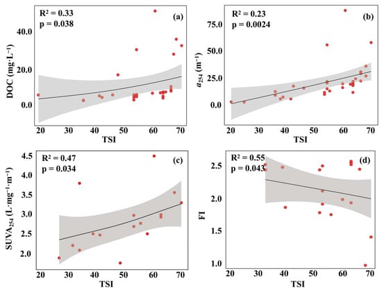 A significant positive correlation was found between DOC concentration and TSI (R2 = 0.33, p = 0.038; Figure 1a). In aquatic ecosystems, DOC can originate from various sources, including primary production by phytoplankton, decomposition of dead phytoplankton, and allochthonous inputs such as surface runoff and wastewater discharge. All of these processes contribute to the nutrient pool, which drives eutrophication [73,143,144]. Guan et al. (2024) observed that DOC concentrations in lakes and rivers of the Erhai watershed increased from 1.9 mg/L to 11.3 mg/L as the trophic states shifted from mesotrophic to middle-eutrophic [42]. This increase in DOC concentration with the eutrophication process has been reported in many reservoirs and rivers across varying trophic states [43,74]. These findings support the use of DOC as a potential indicator of eutrophication in freshwater ecosystems.
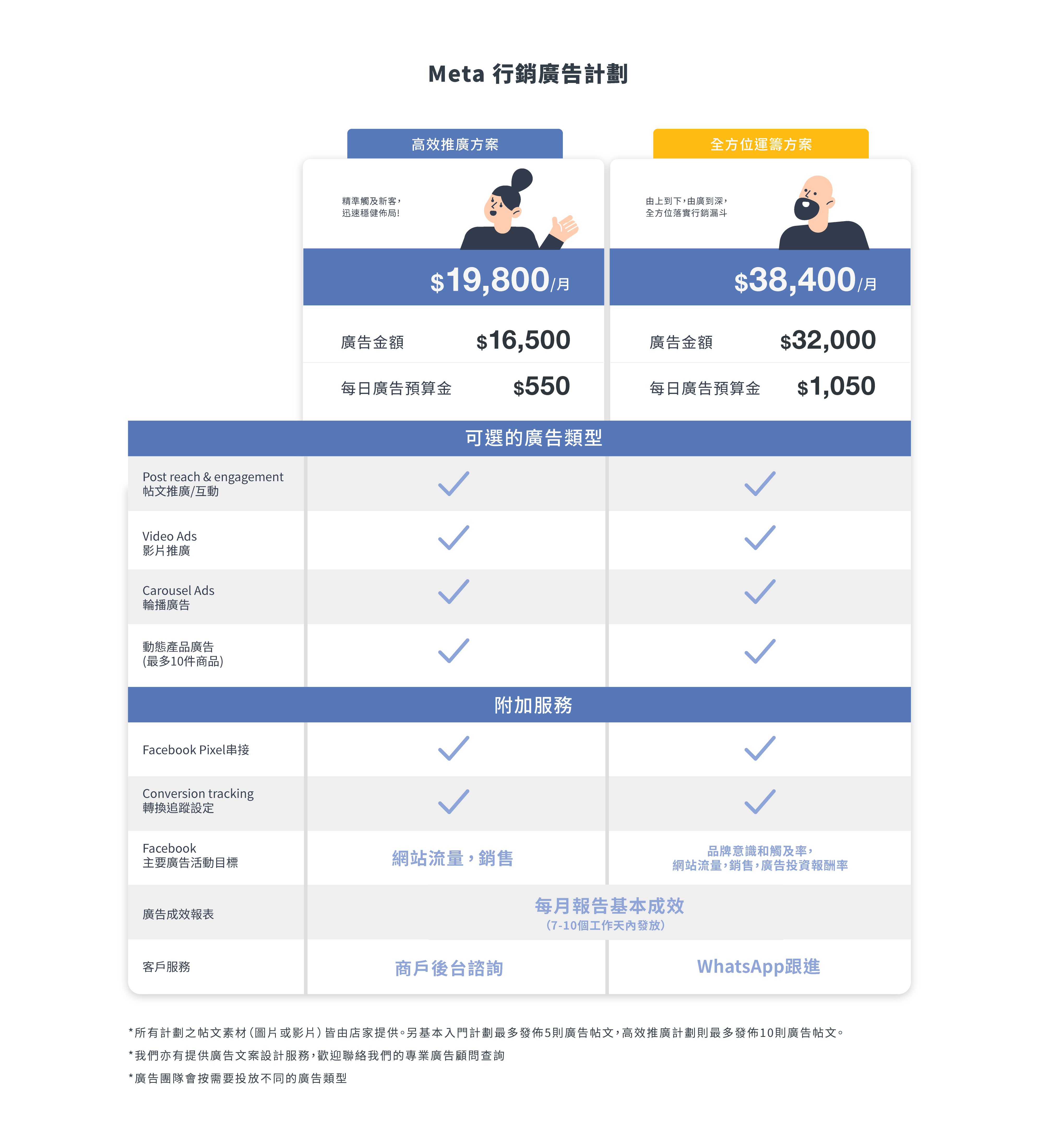 計畫內容並不包含廣告素材設計,若您有額外需求由SHOPLINE團隊協助您製作廣告圖片/影音等素材,我們將另外報價計算。
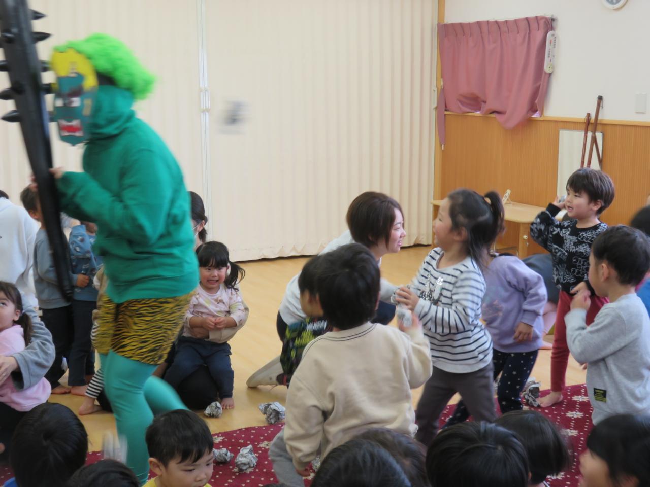 すると、こあら組さんとぱんだ組さんのところに緑鬼が、きりん組さんとぞう組さんのところには赤鬼がやってきました。豆に見立てた丸めた新聞紙を鬼に向かって果敢に投げる子、怖くて逃げ回る子、泣いてしまう子など様々でした。
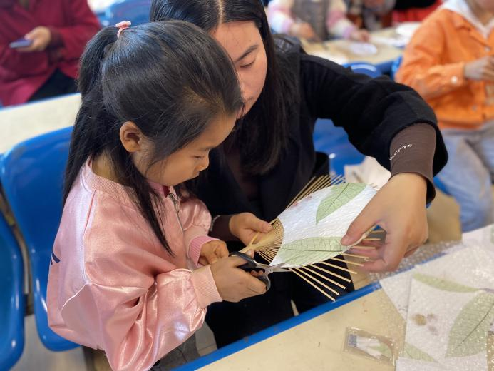 活动开始前,沈老师首先向大家介绍了团扇的发展历史,并讲解了中国传统团扇历来是文人士大夫把玩的怀袖雅物,紧接着老师向大家演示了传统团扇的制作方法。随后在老师的指导下,大家开始一步步制作团扇,相互讨论,互相帮助,摆造型、涂胶水,忙得不亦乐乎。扇面粘贴完成后,孩子们满怀欢喜地展示自己的作品,分享自己制作的经验。活动结束后,孩子们进行了合影,一个个都展示着自己的团扇,个个脸上都洋溢着幸福的笑脸,家长们纷纷表示,此次活动不仅仅是使孩子们对于传统文化知识有了一定的了解,还提高了他们的动手能力,提高了绘画技巧、艺术修养和审美情趣,还为孩子和家长之间提供了亲子学习时间,期待下次还能和孩子们一起参加此类活动。
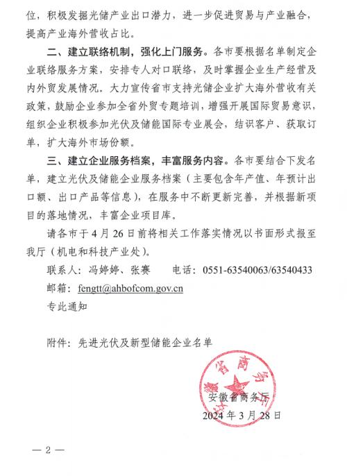 文件要求,各市要根據(jù)名單制定企業(yè)聯(lián)絡(luò)服務(wù)方案,安排專人對(duì)口聯(lián)絡(luò),及時(shí)掌握企業(yè)生產(chǎn)經(jīng)營(yíng)及內(nèi)外貿(mào)發(fā)展情況。大力宣傳省市支持光儲(chǔ)企業(yè)擴(kuò)大海外營(yíng)收有關(guān)政策,鼓勵(lì)企業(yè)參加全省外貿(mào)專題培訓(xùn),增強(qiáng)開(kāi)展國(guó)際貿(mào)易意識(shí)組織企業(yè)積極參加光伏及儲(chǔ)能國(guó)際專業(yè)展會(huì),結(jié)識(shí)客戶、獲取訂單,擴(kuò)大海外市場(chǎng)份額。
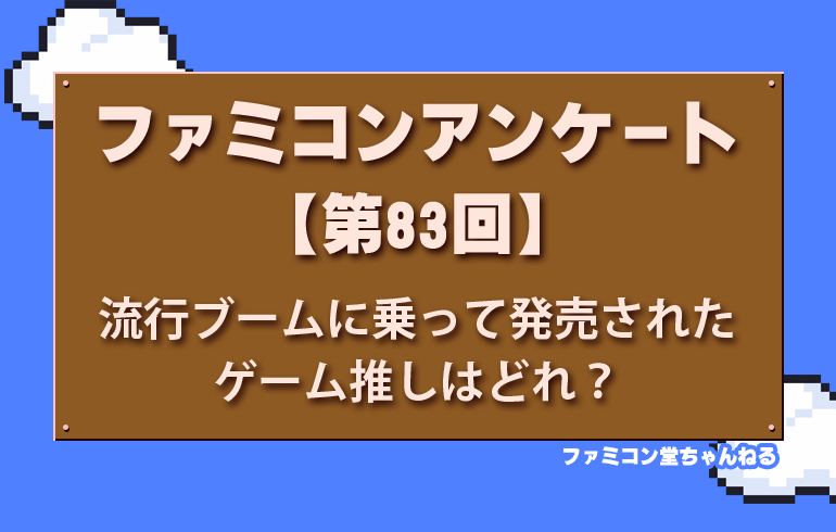 当時流行ブームに乗って発売されたゲーム、推しはどれ?【第83回】 2025.09.23 アンケート 当時の流行ブームに乗って発売されたゲーム、 あなたの推しはどれ?🎮✨ スポーツ、映画、芸能、アニメ……とにかく流行してたら何でもゲーム化されちゃったあの時代! 中には名作もあれば、思わず首をかしげる迷作も…😂 霊幻道士 テトリス ファミリージョッキー つっぱり大相撲 ナムコの黎明期といえばこのゲーム!!【第82回】 前の記事 あなたにとって最強の敵はどれ??【第84回】 次の記事 関連記事 アンケート これは、💩ゲーじゃないゲームはどれ!?【第64回】 アンケート あなたの“推し忍者ゲーム”はどれ!?🥷【第23回】 アンケート ファミコン後期(90年代) オススメ名作ゲームは?【第94回】 アンケート 任天堂のおすすめシリーズといえばどれ!?【第39回】 コメント 0 コメント 0 トラックバック この記事へのコメントはありません。 トラックバックURL この記事へのトラックバックはありません。 返信をキャンセルする。 名前(例:山田 太郎) E-MAIL - 公開されません - URL
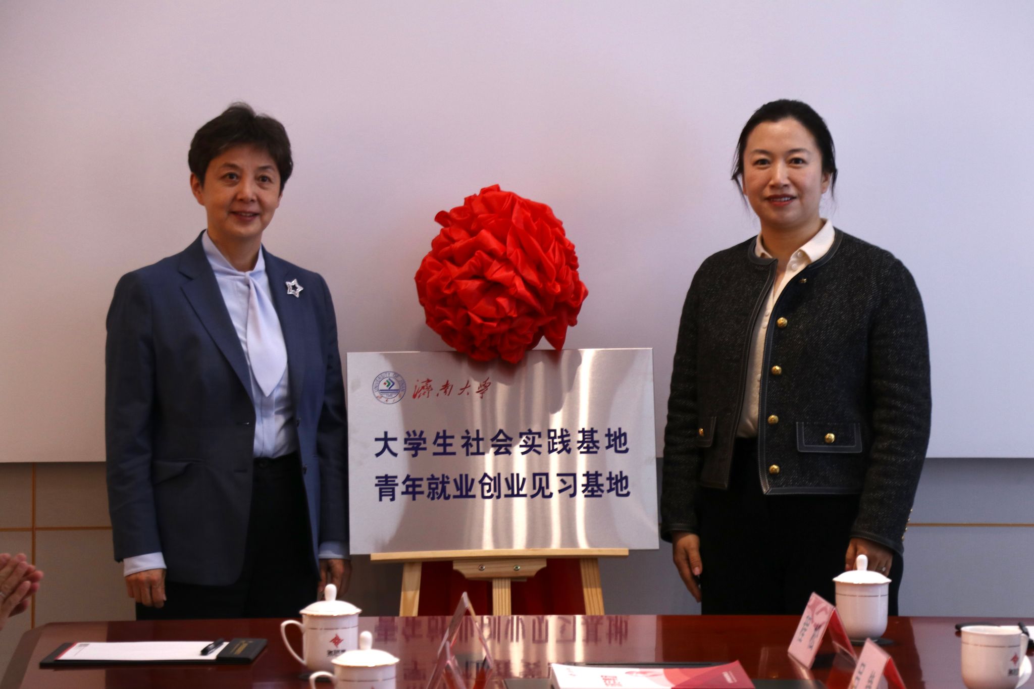 李春慧和阮师漫为“大学生社会实践基地”“青年就业创业见习基地”揭牌。
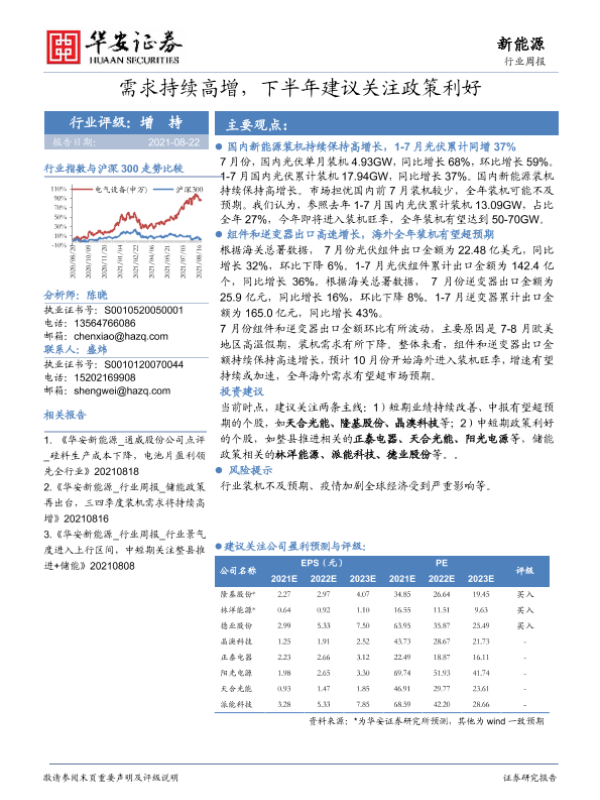 【华安证券】【20210822】20210822-华安证券-新能源行业周报:需求持续高增,下半年建议关注政策利好-15页

====

YOUR OBJECTIVE: Nothing but the lines from the line containing "活动开始前,沈老师首先向大家" through the last line of the records above is to be extracted, exactly and with no pictures.

OUTPUT FOR THIS EXERCISE:
 活动开始前,沈老师首先向大家介绍了团扇的发展历史,并讲解了中国传统团扇历来是文人士大夫把玩的怀袖雅物,紧接着老师向大家演示了传统团扇的制作方法。随后在老师的指导下,大家开始一步步制作团扇,相互讨论,互相帮助,摆造型、涂胶水,忙得不亦乐乎。扇面粘贴完成后,孩子们满怀欢喜地展示自己的作品,分享自己制作的经验。活动结束后,孩子们进行了合影,一个个都展示着自己的团扇,个个脸上都洋溢着幸福的笑脸,家长们纷纷表示,此次活动不仅仅是使孩子们对于传统文化知识有了一定的了解,还提高了他们的动手能力,提高了绘画技巧、艺术修养和审美情趣,还为孩子和家长之间提供了亲子学习时间,期待下次还能和孩子们一起参加此类活动。
 文件要求,各市要根據(jù)名單制定企業(yè)聯(lián)絡(luò)服務(wù)方案,安排專人對(duì)口聯(lián)絡(luò),及時(shí)掌握企業(yè)生產(chǎn)經(jīng)營(yíng)及內(nèi)外貿(mào)發(fā)展情況。大力宣傳省市支持光儲(chǔ)企業(yè)擴(kuò)大海外營(yíng)收有關(guān)政策,鼓勵(lì)企業(yè)參加全省外貿(mào)專題培訓(xùn),增強(qiáng)開(kāi)展國(guó)際貿(mào)易意識(shí)組織企業(yè)積極參加光伏及儲(chǔ)能國(guó)際專業(yè)展會(huì),結(jié)識(shí)客戶、獲取訂單,擴(kuò)大海外市場(chǎng)份額。
 当時流行ブームに乗って発売されたゲーム、推しはどれ?【第83回】 2025.09.23 アンケート 当時の流行ブームに乗って発売されたゲーム、 あなたの推しはどれ?🎮✨ スポーツ、映画、芸能、アニメ……とにかく流行してたら何でもゲーム化されちゃったあの時代! 中には名作もあれば、思わず首をかしげる迷作も…😂 霊幻道士 テトリス ファミリージョッキー つっぱり大相撲 ナムコの黎明期といえばこのゲーム!!【第82回】 前の記事 あなたにとって最強の敵はどれ??【第84回】 次の記事 関連記事 アンケート これは、💩ゲーじゃないゲームはどれ!?【第64回】 アンケート あなたの“推し忍者ゲーム”はどれ!?🥷【第23回】 アンケート ファミコン後期(90年代) オススメ名作ゲームは?【第94回】 アンケート 任天堂のおすすめシリーズといえばどれ!?【第39回】 コメント 0 コメント 0 トラックバック この記事へのコメントはありません。 トラックバックURL この記事へのトラックバックはありません。 返信をキャンセルする。 名前(例:山田 太郎) E-MAIL - 公開されません - URL
 李春慧和阮师漫为“大学生社会实践基地”“青年就业创业见习基地”揭牌。
 【华安证券】【20210822】20210822-华安证券-新能源行业周报:需求持续高增,下半年建议关注政策利好-15页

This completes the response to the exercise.